YOUR ASSIGNMENT:
When copying the records below, keep every word as it is and drop the images.

Data extracted from a collection:
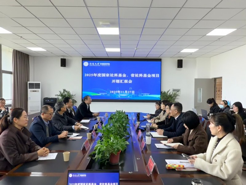11月27日上午,69视频 举行了2025年度国家社科基金、省社科基金项目开题汇报会。会议特邀浙江大学吴笛教授、南京大学杨金才教授、广东外语外贸大学冉永平教授、南京工业大学陈世华教授担任评审专家。69视频 人文社科处副处长邹月辉、学院领导班子出席会议。汇报会由院长佘军主持。
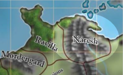 Naresh occupies the far northeastern corner of Western Oerik, barely sharing a border with the Disputed Regions. A long coastline along the Jotnumheim Sea and Mare Mysticum bounds the north. The entire eastern border of Naresh is beyond the mountain range and is in contact with foreign lands. Naresh adjoins Gigantea which has "a semipermanent bridge of ice [which] connects ... Oerik proper"[6] and the polar area called Hyperboria.
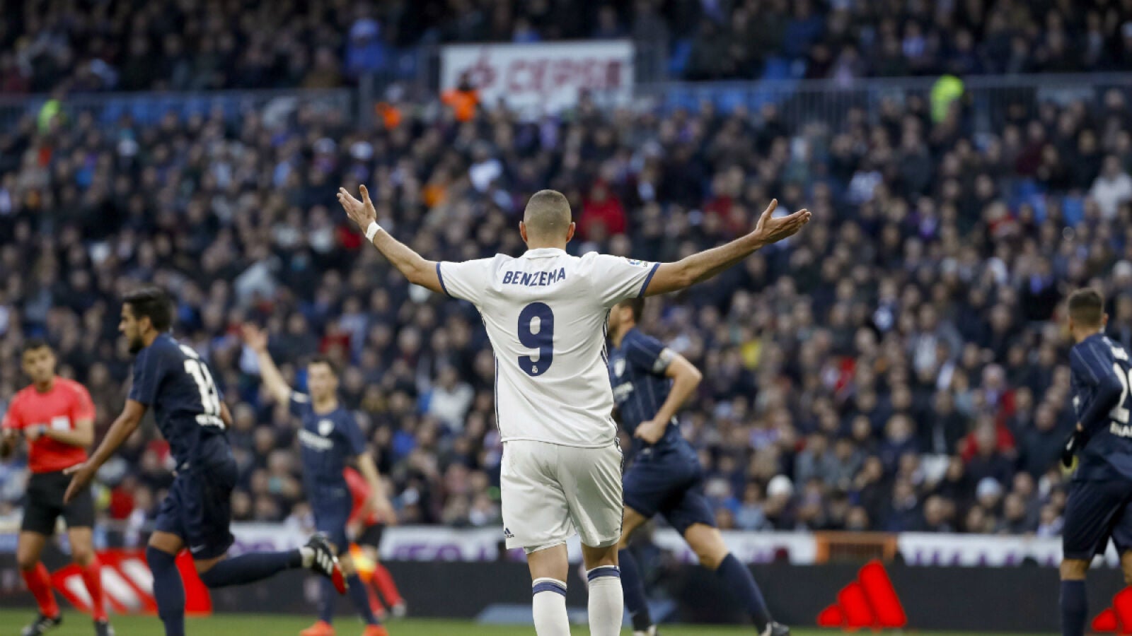 Benzema, que volvía a ocupar la posición de delantero centro tras no ser titular en el encuentro de ida de los cuartos de final de la Copa del Rey ante el Celta de Vigo, no tuvo su mejor tarde y dispuso de varias ocasiones sin el premio del gol.
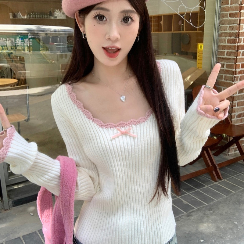 ギャルのセクシーなレースの長袖のニットのtシャツの秋の2024の新型の蝶結びのデザイン感はスリムに見えます。
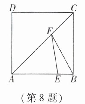 8. 如图,正方形ABCD的边长为4,点E在AB上且$BE = 1$,F为对角线AC上一动点,则$△BFE$周长的最小值为
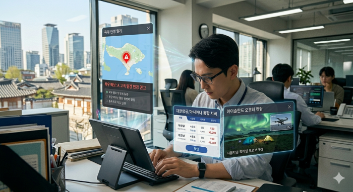 ‘대체 VS 강화’ 영역 구분…장기대책 세워야AI가 관광산업의 구조를 빠르게 바꾸고 있다. 특히 최근 주목받는 ‘에이전틱 AI’는 여행사의 역할 자체를 재정의할 잠재력을 지니고 있다. 아직 완전한 상용화 단계는 아니지만, 항공 · 숙박 예약까지 AI가 자동으로 수행하는 시대가 도래할 경우 여행업의 기존 비즈니스 모델은 근본적인 변화를 맞게 될 것으로 보인다. 현재까지 관광산업에서 실질적인 성과를 내고 있는 것은 ‘생성형 AI’이다. 생성형 AI는 맞춤형 여행 콘텐츠를 제작하고 고객의 관심을 유도하는 데 강점을 보이..
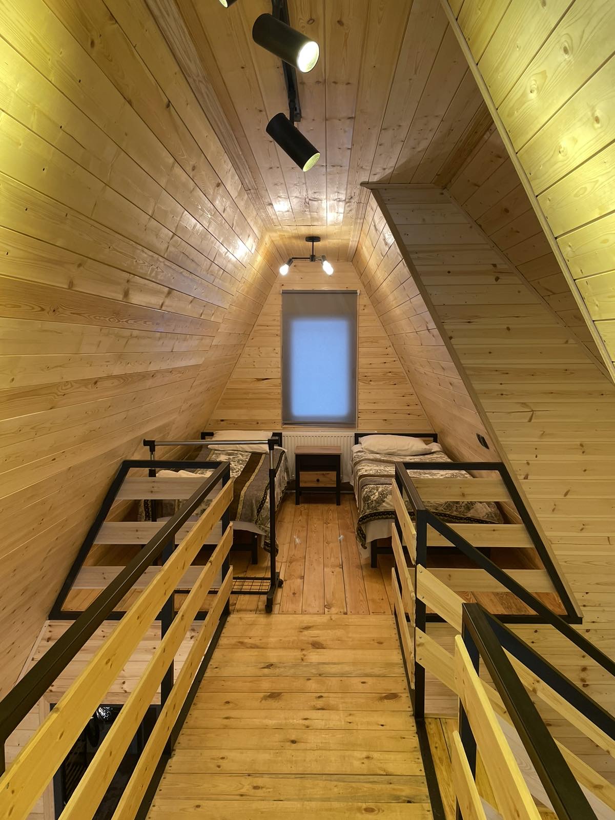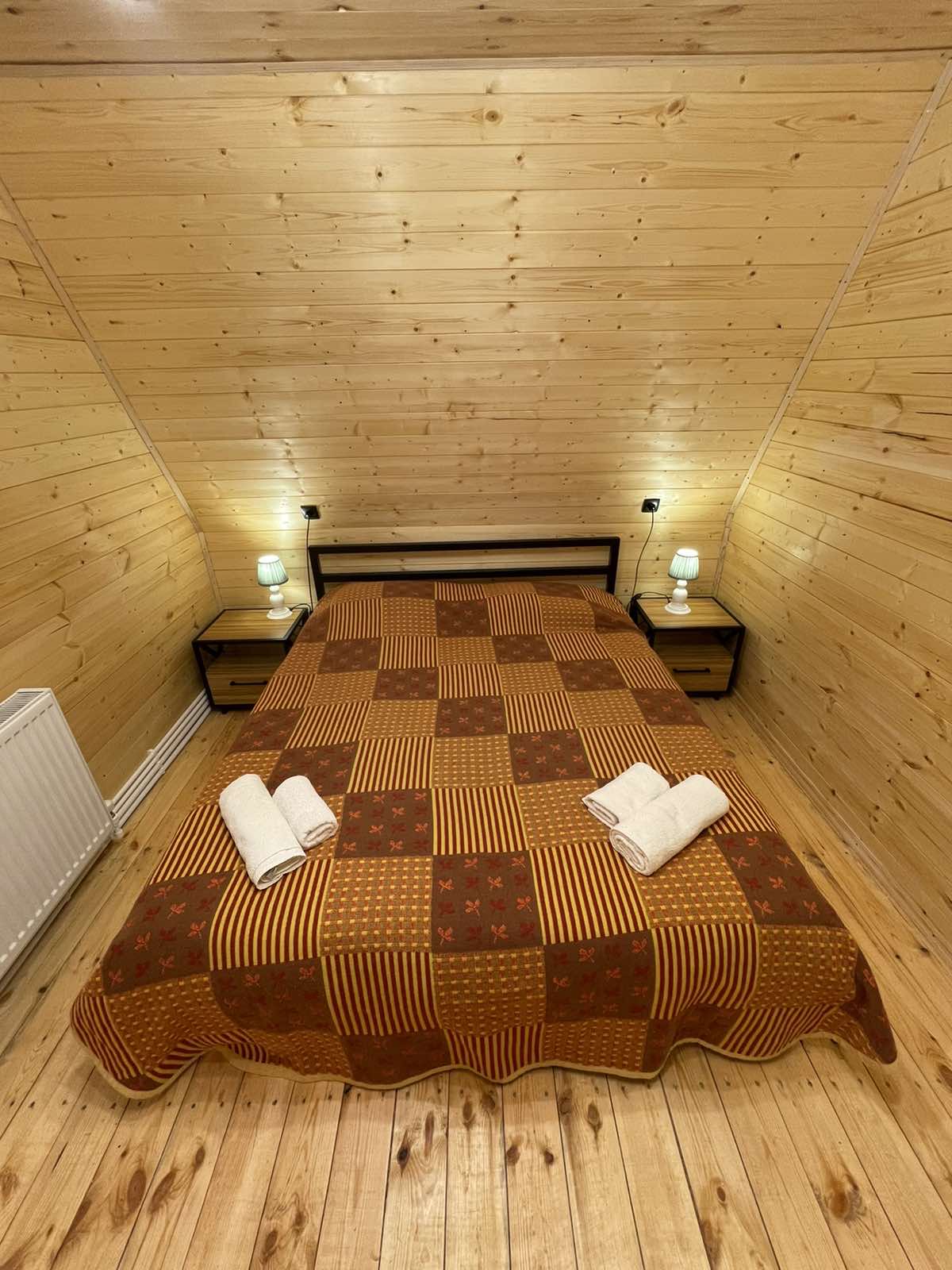В коттедже умешается 5-6 человек. На первом етаже одна двухместная кровать, на втором етаже две одноместные кравати, в зале стоит раскладнои диван, где может разместиться
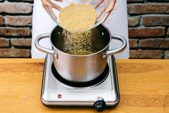 Inzwischen 400ml Wasser im Wasserkocher aufkochen lassen und mit dem Brühwürfel und dem Ras el Hanout in einen mittleren Topf geben.
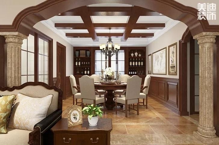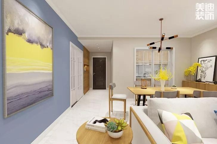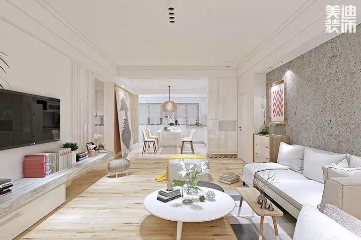 如果在吊顶造型方便不方便做区分的话,也可以通过在墙面的造型、用材、颜色等方面去做区别,让客餐厅空间相互打通又保持独立感。
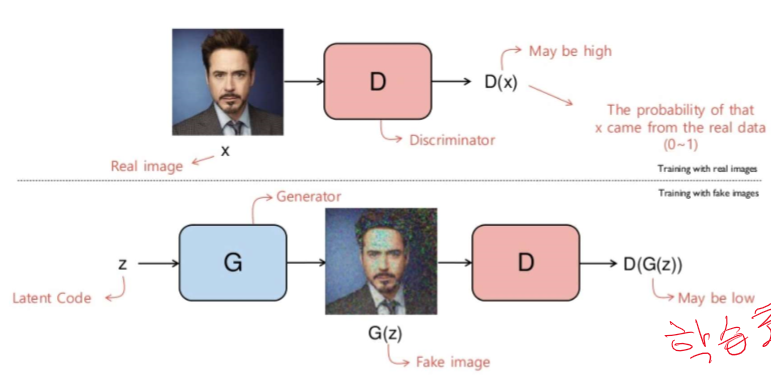 여기선 descriminative model(판단 모델) 과 generative model(생성 모델) 두개를 사용한다.

RESULT FOR THIS TASK:
11月27日上午,69视频 举行了2025年度国家社科基金、省社科基金项目开题汇报会。会议特邀浙江大学吴笛教授、南京大学杨金才教授、广东外语外贸大学冉永平教授、南京工业大学陈世华教授担任评审专家。69视频 人文社科处副处长邹月辉、学院领导班子出席会议。汇报会由院长佘军主持。
 Naresh occupies the far northeastern corner of Western Oerik, barely sharing a border with the Disputed Regions. A long coastline along the Jotnumheim Sea and Mare Mysticum bounds the north. The entire eastern border of Naresh is beyond the mountain range and is in contact with foreign lands. Naresh adjoins Gigantea which has "a semipermanent bridge of ice [which] connects ... Oerik proper"[6] and the polar area called Hyperboria.
 Benzema, que volvía a ocupar la posición de delantero centro tras no ser titular en el encuentro de ida de los cuartos de final de la Copa del Rey ante el Celta de Vigo, no tuvo su mejor tarde y dispuso de varias ocasiones sin el premio del gol.
 ギャルのセクシーなレースの長袖のニットのtシャツの秋の2024の新型の蝶結びのデザイン感はスリムに見えます。
 8. 如图,正方形ABCD的边长为4,点E在AB上且$BE = 1$,F为对角线AC上一动点,则$△BFE$周长的最小值为
 ‘대체 VS 강화’ 영역 구분…장기대책 세워야AI가 관광산업의 구조를 빠르게 바꾸고 있다. 특히 최근 주목받는 ‘에이전틱 AI’는 여행사의 역할 자체를 재정의할 잠재력을 지니고 있다. 아직 완전한 상용화 단계는 아니지만, 항공 · 숙박 예약까지 AI가 자동으로 수행하는 시대가 도래할 경우 여행업의 기존 비즈니스 모델은 근본적인 변화를 맞게 될 것으로 보인다. 현재까지 관광산업에서 실질적인 성과를 내고 있는 것은 ‘생성형 AI’이다. 생성형 AI는 맞춤형 여행 콘텐츠를 제작하고 고객의 관심을 유도하는 데 강점을 보이..
В коттедже умешается 5-6 человек. На первом етаже одна двухместная кровать, на втором етаже две одноместные кравати, в зале стоит раскладнои диван, где может разместиться
 Inzwischen 400ml Wasser im Wasserkocher aufkochen lassen und mit dem Brühwürfel und dem Ras el Hanout in einen mittleren Topf geben.
 如果在吊顶造型方便不方便做区分的话,也可以通过在墙面的造型、用材、颜色等方面去做区别,让客餐厅空间相互打通又保持独立感。
 여기선 descriminative model(판단 모델) 과 generative model(생성 모델) 두개를 사용한다.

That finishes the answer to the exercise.